Sorry, I was hesitant to post links at first before I vetted them.

Yes, perhaps not coincidentally, I thought it best to ask for a human-curated link.

Michelle Hughes@a2mi.social · 8 months ago

@Emperor

Y’know, come to think of it, Wikipedia might be a better project to point to here. All the content on there is hand curated. When I’m interested in a subject, I usually go to wikipedia first instead of a search engine. Sometimes I am directed out to other websites from there.

I set up a quick keyword search so I can type “wp blah blah blah” into my url bar and it searches wikipedia.

https://support.mozilla.org/en-US/kb/how-search-from-address-bar?redirectslug=Smart+keywords&redirectlocale=en-US

Mei Lin@rubber.social · 8 months ago

@ajsadauskas @degoogle
I’ve already seen new webrings forming.

Or maybe that was old webrings updating?

ᴇᴍᴘᴇʀᴏʀ 帝@feddit.uk · 8 months ago

Yeah, I was just looking at a webring and thinking “these still have a use”. They could definitely help with discoverablity on a broad front. I help Admin feddit.uk and had pondered reaching out to other British Fediverse services to make a Britiverse. However, how to hold it all together and navigate between them was proving tricky or clunky until I was looking at the webring and thought “FedRing”. Now that could work.

photonic_sorcerer@lemmy.dbzer0.com · 8 months ago

What’s to say we won’t have AI-curated lists and directories? That way we don’t have to deal with link rot and the like. I think the issue is the algorithms used for search. We need better ones, better AI, not more frivolous human labor.

happyborg@fosstodon.org · 8 months ago

@ajsadauskas
I agree we need better and remember the early days well. Before indexes we passed URLs, in fact just IP addresses of servers we’d visit to see what was there, and that was often a directory of documents, papers etc. It filled us with awe, but let’s not dial back that far!

Another improvement will be #LocalLLMs both for privacy and personalised settings. Much of the garbage now is in service of keeping us searching rather than finding what we want.
@degoogle

Alexander Hay@mastodon.social · 8 months ago

@ajsadauskas @degoogle Curation is elation.

AK Ritter@fluffs.au · 8 months ago

@ajsadauskas @degoogle I’ve been thinking back to the days of web rings and reciprocal links back when people had their own websites to add links too. I have been wanting to go back to that mode as well.

ᴇᴍᴘᴇʀᴏʀ 帝@feddit.uk · 8 months ago

Indeed. As I mentioned below, something like a webring (a FedRing) might be the solution to something I was pondering.

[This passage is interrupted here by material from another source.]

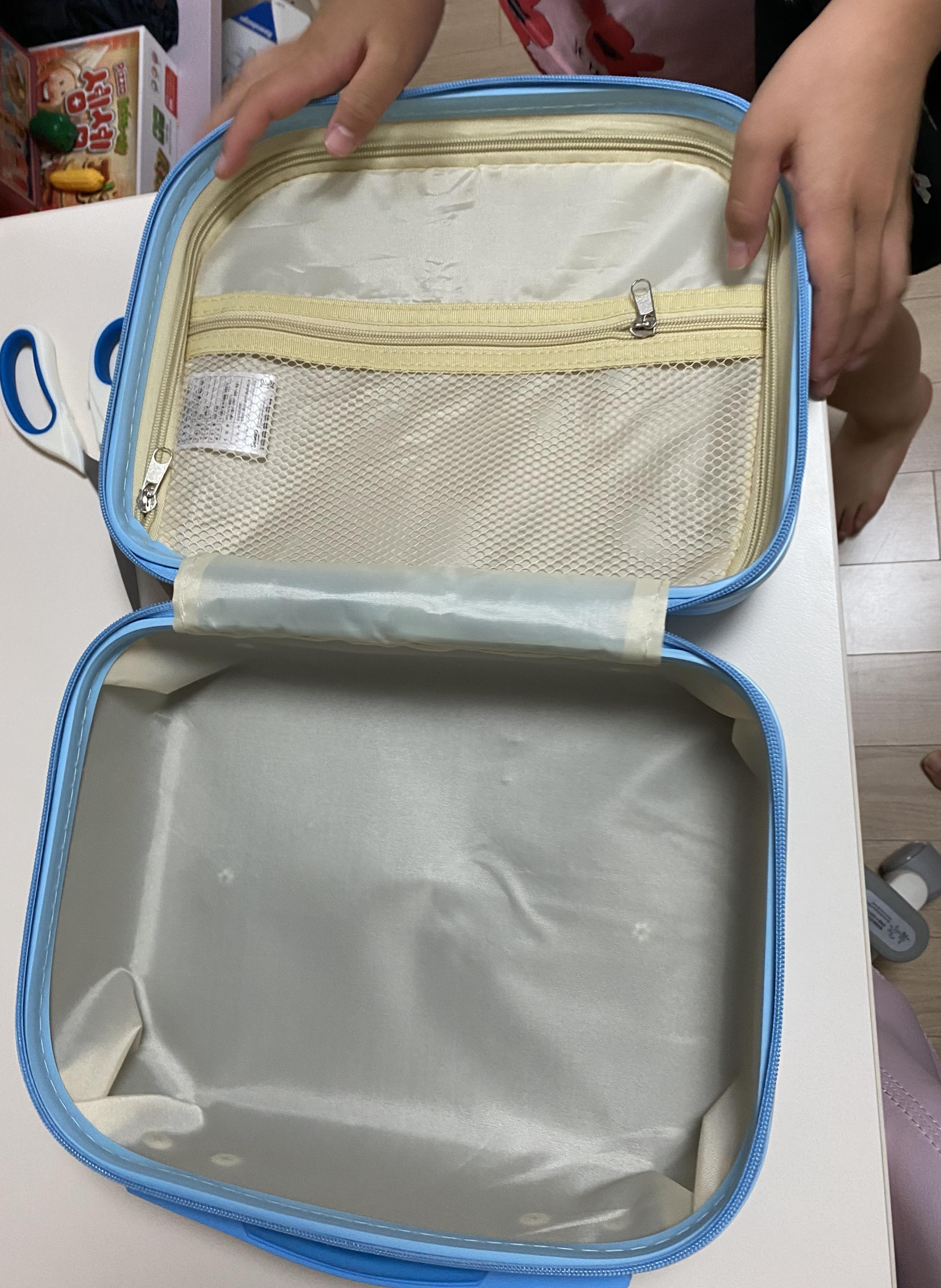 안쪽의 재질도 상당히 좋아 보였습니다. 매쉬 포켓으로 수납공간을 분리해서 활용할 수 있어서 여행 갈 때 아이들 짐을 싣기 유용한 미니캐리어입니다. 이번 여름에 여행이나 피크닉 갈 때 딸의 가방으로 잘 활용해서 사용해야겠네요.

It is increasingly clear to me that a lot of directions Web 1.0 was evolving in were diverted or just killed off by Big Tech’s landgrab which built walled gardens. I see the Fediverse as a return to the idea of blogs (micro and macro), forums, etc but in a more natural progression to interoperability. This still isn’t perfect and there may be other early web ideas, like webrings, that improve discoverablity.